China

Increased Chinese and US ambitions raise hopes for a global deal on climate change

Could the US and China lead the way in COP21 negotiations? Photo credit: Reuters / Mick Tsikas.
By Anders Lorenzen

Increased ambition and efforts by the US and China could pave the way for a global deal on climate change in Paris at the end of this year.


The world’s two largest greenhouse gas (GHG) emitters, China and the US’s ambitious agenda on tackling climate change, could play a leading role in securing a global deal at COP21 in Paris, Reuters reports ( China and the US were largely blamed for the failure to reach a deal at COP15 in Copenhagen in 2009). Ministers and delegates from all 192 UN countries will meet in Paris, at the end of November, to try and forge a global deal on combatting climate change. At previous meetings, countries have agreed that a global deal must be agreed in 2015 and  come into effect by 2020. But that is easier said than done as many things still separate countries.
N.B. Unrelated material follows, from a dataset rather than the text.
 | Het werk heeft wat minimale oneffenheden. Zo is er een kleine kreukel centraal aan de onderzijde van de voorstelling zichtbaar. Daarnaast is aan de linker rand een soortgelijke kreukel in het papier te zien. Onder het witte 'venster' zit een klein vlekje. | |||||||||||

Last time there was hope that a global deal would be agreed was at COP15, but that failed miserable. Looking at where we were at this point of the year in 2009 and where we are now could offer us hope. During negotiations in the German city in Bonn from the 31st of August to the 4th of September some headway was made.
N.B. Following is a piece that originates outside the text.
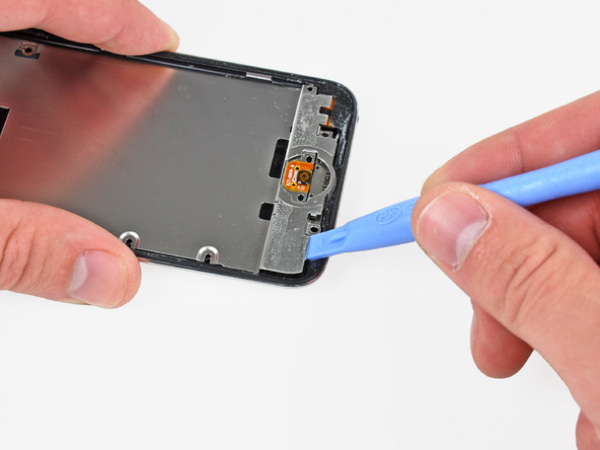 Utilizza la punta di un attrezzo di apertura in plastica per sollevare la sottile copertura di acciaio della fotocamera posteriore.

According to Elina Bardram, the head of the European Commission delegation :”We’re closer to an agreement than at the same time before Copenhagen, But there’s a lot still to be done.”


The text they are working on contains a mix of ideas such as a call to end all GHG emissions by 2050.this might be hard to get through as OPEC countries would push for no deadlines.
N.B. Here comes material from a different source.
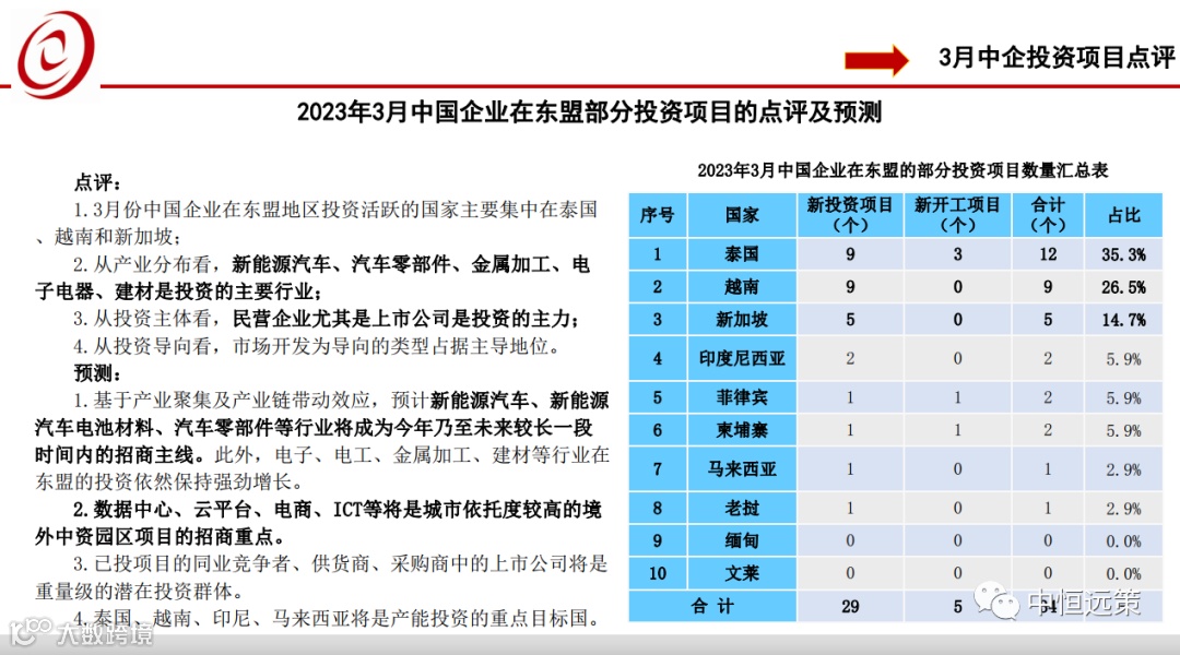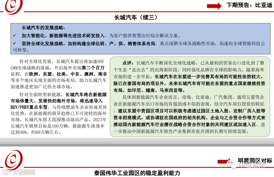 近期,媒体分别报道比亚迪与印尼签署合作备忘录、长城汽车拟投资3000万美元在泰国建厂两则新闻,这与我们公司开发的“中国海外园区项目招商参考指南—东盟版3月刊”的预测观点有多处吻合,比如东盟中资园区招商主线的预测“基于产业聚集及产业链带动效应, 预计新能源汽车、 新能源汽车电池材料、 汽车零部件等行业将成为今年乃至未来较长一段时间内的招商主线。”

But despite the huge turn around by the US and China, who have now forged climate policies and emission reduction targets (they had none in 2009), in addition to agreeing a joint climate agreement, a lot of work still needs to be done. Time is an issue, as another Bonn summit due to take place in October would be the last opportunity before COP21 begins on the 30th of November.


But Laurence Tubiana, France‘s climate ambassador, warned that we should not see  COP21 as the end but the beginning: Paris is not the end of the process, it is the start of the process,” she stated, urging more focus on action from 2015 to 2020 when the Paris accord will enter into force.

But one of the stumbling blocks could be the national goals that each country has to submit, also called Intended Nationally Determined Contributions (INDC), as they are simply not ambitious enough to limit global warming to two degree celsius or less. Two degrees is the one thing that world leaders have so far agreed on.